_COLLECTED MATERIAL_
=== Begin Enclosure ===

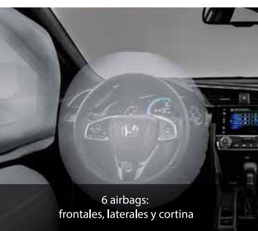
6 airbags: frontales, laterales y cortina
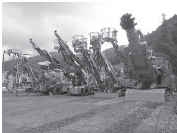
▲トンネル掘削に使用する機械
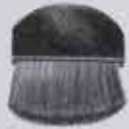
Small circular object, possibly a button or cap.

=== End Enclosure ===

_PROBLEM_
Each line of the data above must be reproduced as written. Skip the pictures.

_RESPONSE BOX_
6 airbags: frontales, laterales y cortina
▲トンネル掘削に使用する機械
Small circular object, possibly a button or cap.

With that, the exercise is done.